Qwen3-TTS: export artifacts and publish to Hugging Face
This repository owns the non-protobuf export pipeline for Qwen3-TTS runtime files used by xlai-qts-core (engine and native TtsModel bridge).
Protobuf-based voice-clone prompt export (.pb) is not supported here; use CBOR prompts or Rust-native create_voice_clone_prompt instead.
Prerequisites
- Python 3.12+
- uv
- From the repo root:
uv sync
Export GGUF, vocoder ONNX, and reference-codec ONNX
uv run export-model-artifacts \
--model Qwen/Qwen3-TTS-12Hz-0.6B-Base \
--out-dir /path/to/outThis writes:
| File | Purpose |
|---|---|
qwen3-tts-0.6b-f16.gguf (and optional q8_0) | Talker + code predictor + tokenizer metadata |
qwen3-tts-vocoder.onnx | ONNX Runtime vocoder |
qwen3-tts-reference-codec.onnx | Speech-tokenizer encode graph for ICL ref_code |
qwen3-tts-reference-codec-preprocess.json | Preprocess metadata for the Rust reference-codec path |
Flags mirror the implementation in scripts/qts/export_model_artifacts.py (--main-type, --vocoder-out, --ref-codec-out, --local-files-only, etc.).
Prepare a Hugging Face release directory
From the repository root (so paths and git rev-parse resolve correctly):
uv run xlai-qts-hf-release \
--model Qwen/Qwen3-TTS-12Hz-0.6B-Base \
--hf-repo-dir /path/to/cloned/hf-model-repoDefaults:
- Export output:
models/qwen3-tts-bundle - Staging output:
target/hf-qts-release(unless--hf-repo-diris the only path, then files are written directly into the clone) - Model card template:
docs/qts/huggingface-qts-model-card.md
Use --skip-export to package artifacts that are already on disk.
CI
The Hugging Face model packaging job is manual only: run .github/workflows/hf-release-qts.yml from the Actions tab (workflow_dispatch). Configure the HF_TOKEN secret on the publish environment.

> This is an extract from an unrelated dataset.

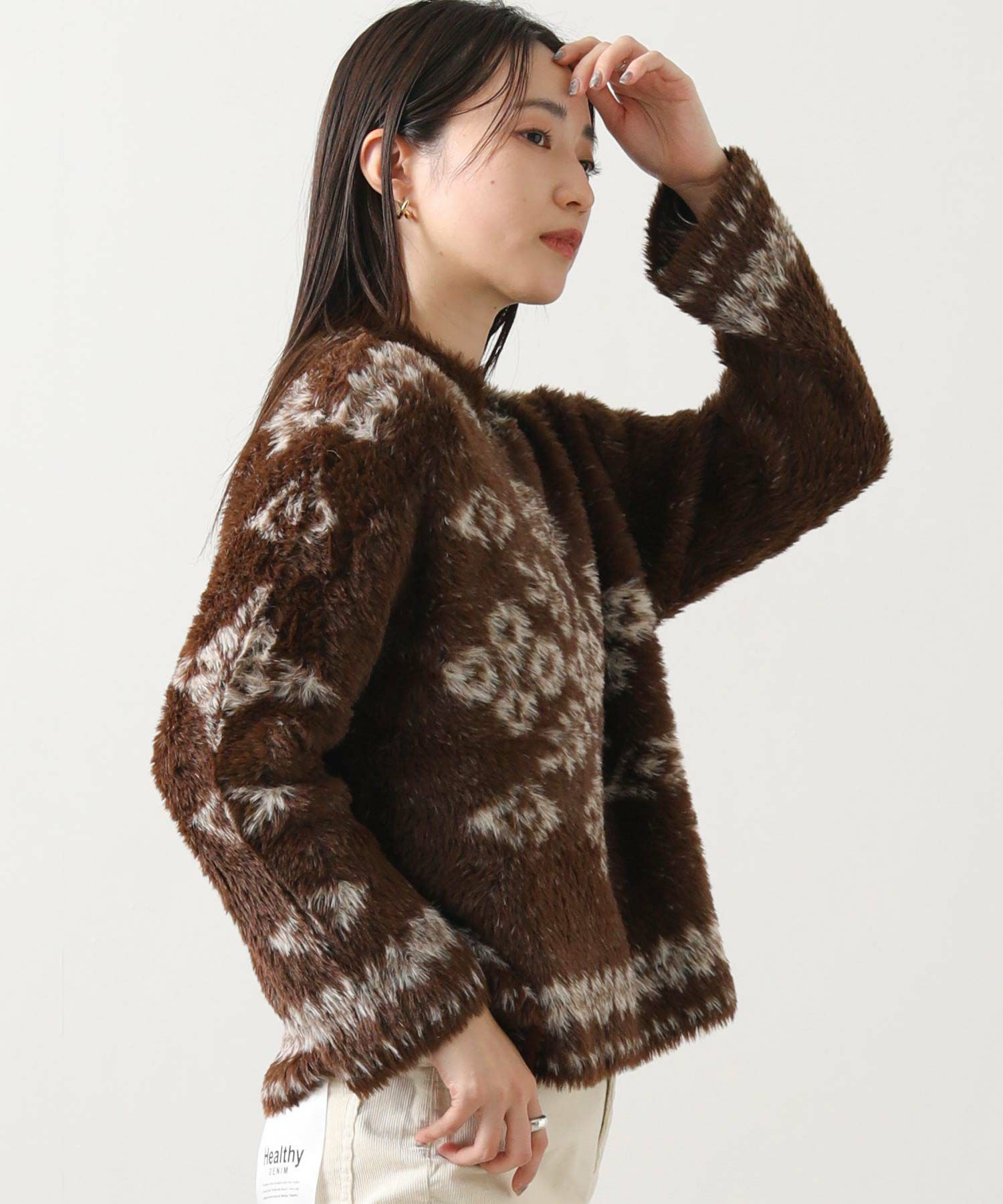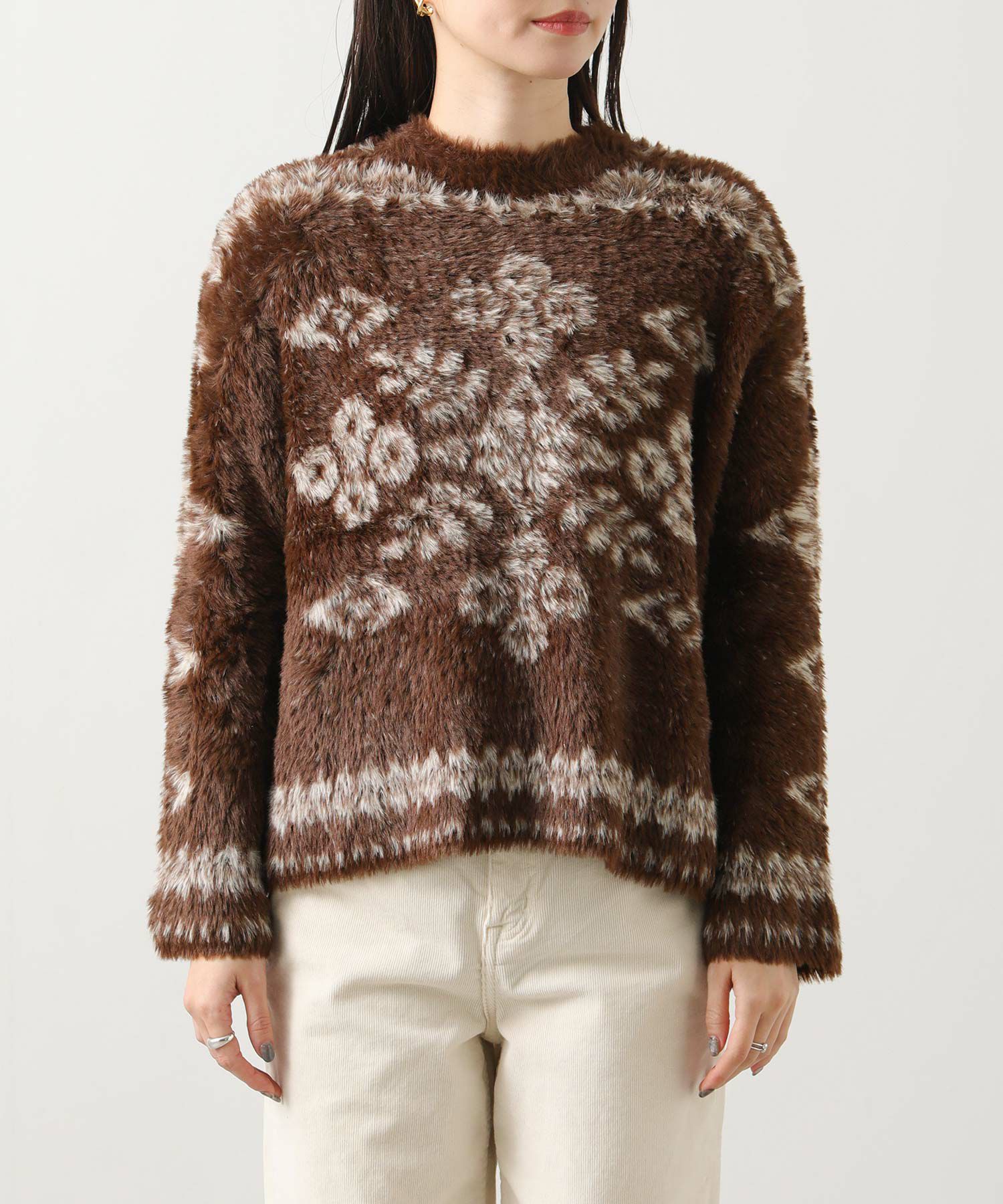 シャギーのふわっとした柔らかい糸で大胆なパネル柄を作りだした、冬の気分が上がる主役ニット。

Pushing a v* tag does not trigger that workflow; it does run .github/workflows/build.yml (artifacts) and .github/workflows/publish.yml (crates.io + npm) if you use those release paths. See Publishing for registry releases.
Future: stateful streaming vocoder ONNX
The native runtime currently calls qwen3-tts-vocoder.onnx in a stateless way: each ORT run takes a full [1, n_frames, n_codebooks] window. Chunk continuity is handled in Rust via a small overlap-and-add layer (OverlapAddChunkDecoder; see Vocoder streaming).
A stateful export (extra inputs/outputs for convolver or decoder cache tensors) could remove redundant re-decoding of context frames and shrink overlap further. That would require:
- A new or alternate ONNX graph from the training/export stack (
scripts/qts/export_model_artifacts.pyand upstream checkpoints). - Matching changes in
crates/qts/xlai-qts-core/src/pipeline/vocoder.rsto bind and thread state across steps. - Versioning or manifest entries so HF bundles can declare which vocoder interface they ship.
Until then, tuning xlai.qts.vocoder_chunk_size and QWEN3_TTS_VOCODER_OVERLAP_FRAMES is the supported path.